Records excerpted from a collection:
* * * * * * * * *
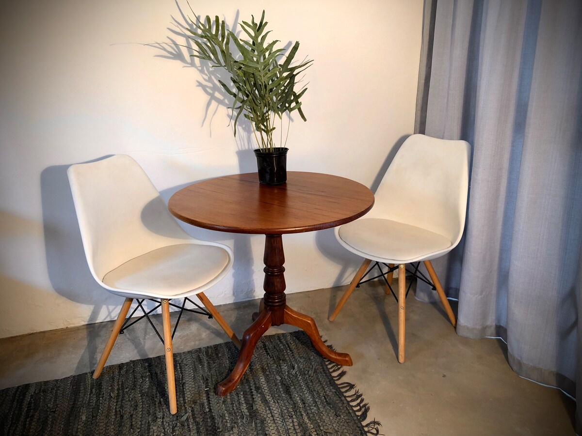 피트 스위트는 안전한 지역의 중심부에 위치한 전용 스위트를 제공합니다. 백업 태양열 발전으로 광섬유 및 LTE 인터넷 연결이 중단되지 않습니다. 숙소는 엄격한 금연 숙소입니다. 별도의 출입구, 공용 진입로가 있습니다. 침실, 넓은 라운지, 필수품이 구비된 간이 주방이 마련되어 있습니다. 욕실에는 수압이 뛰어난 큰 샤워기가 있습니다. 전용 파티오에서 커피를 즐기세요. 셀카를 제출해 주세요. 그렇지 않으면 예약을 확정할 수 없습니다.
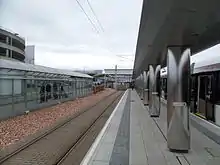 The airport has no dedicated railway station. However, it is served by the nearby Edinburgh Gateway station, which serves as an interchange with Edinburgh Trams services to the airport.[48] The tram line also connects the airport to the nearby Edinburgh Park railway station.[49]
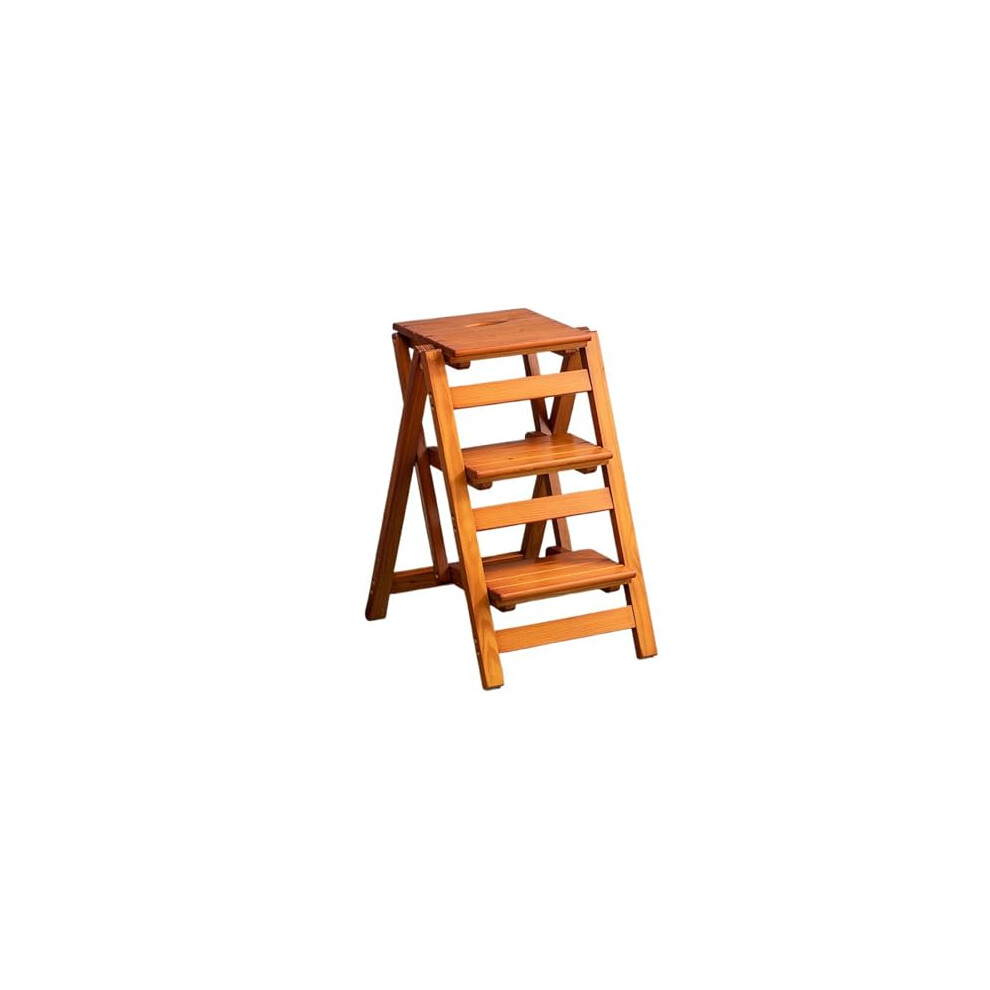 YBNKKUXKN Stepstools Solid Wood Staircase Stool Multifunctional Three-step Ladder Chair Folding Stair Suitable for Kitchen Bathroom and Office Ladder(Light Walnut)
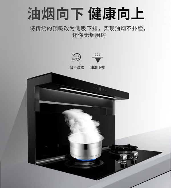 博净嵌入式集成灶根据微空气动力学原理,采用侧吸下排技术,升级挡烟板至黄金高度,形成黄金控烟区,牢牢把油烟控制在升腾区,不给油烟一丝逃逸的机会。摆脱油烟四起咳嗽不断的烹饪之苦,清新健康的呼吸。
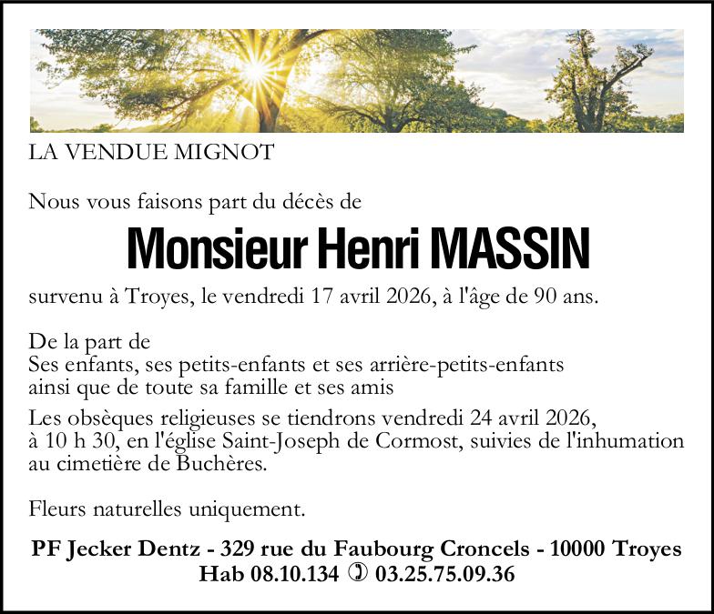 Cet espace « condoléances » est dédié à la mémoire de Monsieur Henri MASSIN.
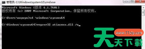 3、输入“regsvr32 atiacmxx.dll /u”按回车即可,如下图所示。
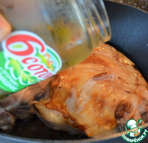 обжарить в нем ногу до красивого румянца, с обеих сторон. -
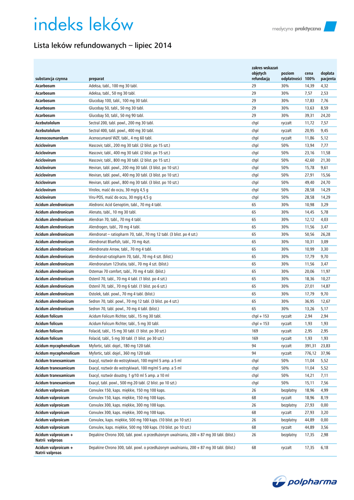 indeks leków Lista leków refundowanych – lipiec 2014 substancja czynna preparat zakres wskazań objętych poziom cena refundacją odpłatności 100% dopłata pacjenta Acarbosum Adeksa, tabl., 100 mg 30 tabl. 29 30% 14,39 4,32 Acarbosum Adeksa, tabl., 50 mg 30 tabl. 29 30% 7,57 2,53 7,76 Acarbosum Glucobay 100, tabl., 100 mg 30 tabl. 29 30% 17,83 Acarbosum Glucobay 50, tabl., 50 mg 30 tabl. 29 30% 13,63 8,59 Acarbosum Glucobay 50, tabl., 50 mg 90 tabl. 29 30% 39,31 24,20 Acebutololum Sectral 200, tabl. powl., 200 mg 30 tabl. chpl ryczałt 11,72 7,57 Acebutololum Sectral 400, tabl. powl., 400 mg 30 tabl. chpl ryczałt 20,95 9,45 Acenocoumarolum Acenocumarol WZF, tabl., 4 mg 60 tabl. chpl ryczałt 11,86 5,12 Aciclovirum Hascovir, tabl., 200 mg 30 tabl. (2 blist. po 15 szt.) chpl 50% 13,94 7,77 Aciclovirum Hascovir, tabl., 400 mg 30 tabl. (2 blist. po 15 szt.) chpl 50% 23,16 11,58 Aciclovirum Hascovir, tabl., 800 mg 30 tabl. (2 blist. po 15 szt.) chpl 50% 42,60 21,30 Aciclovirum Heviran, tabl. powl., 200 mg 30 tabl. (3 blist. po 10 szt.) chpl 50% 15,78 9,61 Aciclovirum Heviran, tabl. powl., 400 mg 30 tabl. (3 blist. po 10 szt.) chpl 50% 27,91 15,56 Aciclovirum Heviran, tabl. powl., 800 mg 30 tabl. (3 blist. po 10 szt.) chpl 50% 49,40 24,70 Aciclovirum Virolex, maść do oczu, 30 mg/g 4,5 g chpl 50% 28,58 14,29 Aciclovirum Viru‑POS, maść do oczu, 30 mg/g 4,5 g chpl 50% 28,58 14,29 Acidum alendronicum Aledronic Acid Genoptim, tabl., 70 mg 4 tabl. 65 30% 10,98 3,29 Acidum alendronicum Alenato, tabl., 10 mg 30 tabl. 65 30% 14,45 5,78 4,03 Acidum alendronicum Alendran 70, tabl., 70 mg 4 tabl. 65 30% 12,12 Acidum alendronicum Alendrogen, tabl., 70 mg 4 tabl. 65 30% 11,56 3,47 Acidum alendronicum Alendronat – ratiopharm 70, tabl., 70 mg 12 tabl. (3 blist. po 4 szt.) 65 30% 50,56 26,28 Acidum alendronicum Alendronat Bluefish, tabl., 70 mg 4szt. 65 30% 10,31 3,09 Acidum alendronicum Alendronate Arrow, tabl., 70 mg 4 tabl. 65 30% 10,99 3,30 Acidum alendronicum Alendronat‑ratiopharm 70, tabl., 70 mg 4 szt. (blist.) 65 30% 17,79 9,70 Acidum alendronicum Alendronatum 123ratio, tabl., 70 mg 4 szt. (blist.) 65 30% 11,56 3,47 Acidum alendronicum Ostemax 70 comfort, tabl., 70 mg 4 tabl. (blist.) 65 30% 20,06 11,97 Acidum alendronicum Ostenil 70, tabl., 70 mg 4 tabl. (1 blist. po 4 szt.) 65 30% 18,36 10,27 Acidum alendronicum Ostenil 70, tabl., 70 mg 6 tabl. (1 blist. po 6 szt.) 65 30% 27,01 14,87 Acidum alendronicum Ostolek, tabl. powl., 70 mg 4 tabl. (blist.) 65 30% 17,79 9,70 Acidum alendronicum Sedron 70, tabl. powl., 70 mg 12 tabl. (3 blist. po 4 szt.) 65 30% 36,95 12,67 Acidum alendronicum Sedron 70, tabl. powl., 70 mg 4 tabl. (blist.) 65 30% 13,26 5,17 Acidum folicum Acidum Folicum Richter, tabl., 15 mg 30 tabl. chpl + 153 ryczałt 2,94 2,94 Acidum folicum Acidum Folicum Richter, tabl., 5 mg 30 tabl. chpl + 153 ryczałt 1,93 1,93 Acidum folicum Folacid, tabl., 15 mg 30 tabl. (1 blist. po 30 szt.) 169 ryczałt 2,95 2,95 1,93 Acidum folicum Folacid, tabl., 5 mg 30 tabl. (1 blist. po 30 szt.) 169 ryczałt 1,93 Acidum mycophenolicum Myfortic, tabl. dojel., 180 mg 120 tabl. 94 ryczałt 391,31 23,83 Acidum mycophenolicum Myfortic, tabl. dojel., 360 mg 120 tabl. 94 ryczałt 776,12 37,96 Acidum tranexamicum Exacyl, roztwór do wstrzykiwań, 100 mg/ml 5 amp. a 5 ml chpl 50% 11,04 5,52 Acidum tranexamicum Exacyl, roztwór do wstrzykiwań, 100 mg/ml 5 amp. a 5 ml chpl 50% 11,04 5,52 Acidum tranexamicum Exacyl, roztwór doustny, 1 g/10 ml 5 amp. a 10 ml chpl 50% 14,21 7,11 Acidum tranexamicum Exacyl, tabl. powl., 500 mg 20 tabl. (2 blist. po 10 szt.) chpl 50% 15,11 7,56 Acidum valproicum Convulex 150, kaps. miękkie, 150 mg 100 kaps. 26 bezpłatny 18,96 4,99 Acidum valproicum Convulex 150, kaps. miękkie, 150 mg 100 kaps. 68 ryczałt 18,96 8,19 Acidum valproicum Convulex 300, kaps. miękkie, 300 mg 100 kaps. 26 bezpłatny 27,93 0,00 Acidum valproicum Convulex 300, kaps. miękkie, 300 mg 100 kaps. 68 ryczałt 27,93 3,20 Acidum valproicum Convulex, kaps. miękkie, 500 mg 100 kaps. (10 blist. po 10 szt.) 26 bezpłatny 44,89 0,00 Acidum valproicum Convulex, kaps. miękkie, 500 mg 100 kaps. (10 blist. po 10 szt.) 68 ryczałt 44,89 3,56 Acidum valproicum + Natrii valproas Depakine Chrono 300, tabl. powl. o przedłużonym uwalnianiu, 200 + 87 mg 30 tabl. (blist.) 26 bezpłatny 17,35 2,98 Acidum valproicum + Natrii valproas Depakine Chrono 300, tabl. powl. o przedłużonym uwalnianiu, 200 + 87 mg 30 tabl. (blist.) 68 ryczałt 17,35 6,18 Acidum valproicum + Natrii valproas Depakine Chrono 500, tabl. powl. o przedłużonym uwalnianiu, 333 + 145 mg 30 tabl. (3 blist. po 10 szt.) 26 bezpłatny 23,95 0,00 Acidum valproicum + Natrii valproas Depakine Chrono 500, tabl. powl. o przedłużonym uwalnianiu, 333 + 145 mg 30 tabl. (3 blist. po 10 szt.) 68 ryczałt 23,95 3,20 Acidum valproicum + Natrii valproas Depakine Chronosphere 100, granulat o przedłużonym uwalnianiu, 66,66 + 29,03 mg 30 sasz. po 303 mg 26 bezpłatny 6,76 1,97 Acidum valproicum + Natrii valproas Depakine Chronosphere 100, granulat o przedłużonym uwalnianiu, 66,66 + 29,03 mg 30 sasz. po 303 mg 68 ryczałt 6,76 5,17 Acidum valproicum + Natrii valproas Depakine Chronosphere 1000, granulat o przedłużonym uwalnianiu, 666,60 + 290,27 mg 30 sasz. po 3030 mg 26 bezpłatny 52,45 4,55 Acidum valproicum + Natrii valproas Depakine Chronosphere 1000, granulat o przedłużonym uwalnianiu, 666,60 + 290,27 mg 30 sasz. po 3030 mg 68 ryczałt 52,45 7,75 Acidum valproicum + Natrii valproas Depakine Chronosphere 250, granulat o przedłużonym uwalnianiu, 166,76 + 72,61 mg 30 sasz. po 758 mg 26 bezpłatny 16,50 4,52 Acidum valproicum + Natrii valproas Depakine Chronosphere 250, granulat o przedłużonym uwalnianiu, 166,76 + 72,61 mg 30 sasz. po 758 mg 68 ryczałt 16,50 7,72 Acidum valproicum + Natrii valproas Depakine Chronosphere 500, granulat o przedłużonym uwalnianiu, 333,30 + 145,14 mg 30 sasz. po 1515 mg 26 bezpłatny 27,41 3,46 Acidum valproicum + Natrii valp
* * * * * * * * *
What is required: Print exactly the lines from the first line of the records above through the line containing "博净嵌入式集成灶根据微空气动", leaving out the pictures.

Solution for this exercise:
 피트 스위트는 안전한 지역의 중심부에 위치한 전용 스위트를 제공합니다. 백업 태양열 발전으로 광섬유 및 LTE 인터넷 연결이 중단되지 않습니다. 숙소는 엄격한 금연 숙소입니다. 별도의 출입구, 공용 진입로가 있습니다. 침실, 넓은 라운지, 필수품이 구비된 간이 주방이 마련되어 있습니다. 욕실에는 수압이 뛰어난 큰 샤워기가 있습니다. 전용 파티오에서 커피를 즐기세요. 셀카를 제출해 주세요. 그렇지 않으면 예약을 확정할 수 없습니다.
 The airport has no dedicated railway station. However, it is served by the nearby Edinburgh Gateway station, which serves as an interchange with Edinburgh Trams services to the airport.[48] The tram line also connects the airport to the nearby Edinburgh Park railway station.[49]
 YBNKKUXKN Stepstools Solid Wood Staircase Stool Multifunctional Three-step Ladder Chair Folding Stair Suitable for Kitchen Bathroom and Office Ladder(Light Walnut)
 博净嵌入式集成灶根据微空气动力学原理,采用侧吸下排技术,升级挡烟板至黄金高度,形成黄金控烟区,牢牢把油烟控制在升腾区,不给油烟一丝逃逸的机会。摆脱油烟四起咳嗽不断的烹饪之苦,清新健康的呼吸。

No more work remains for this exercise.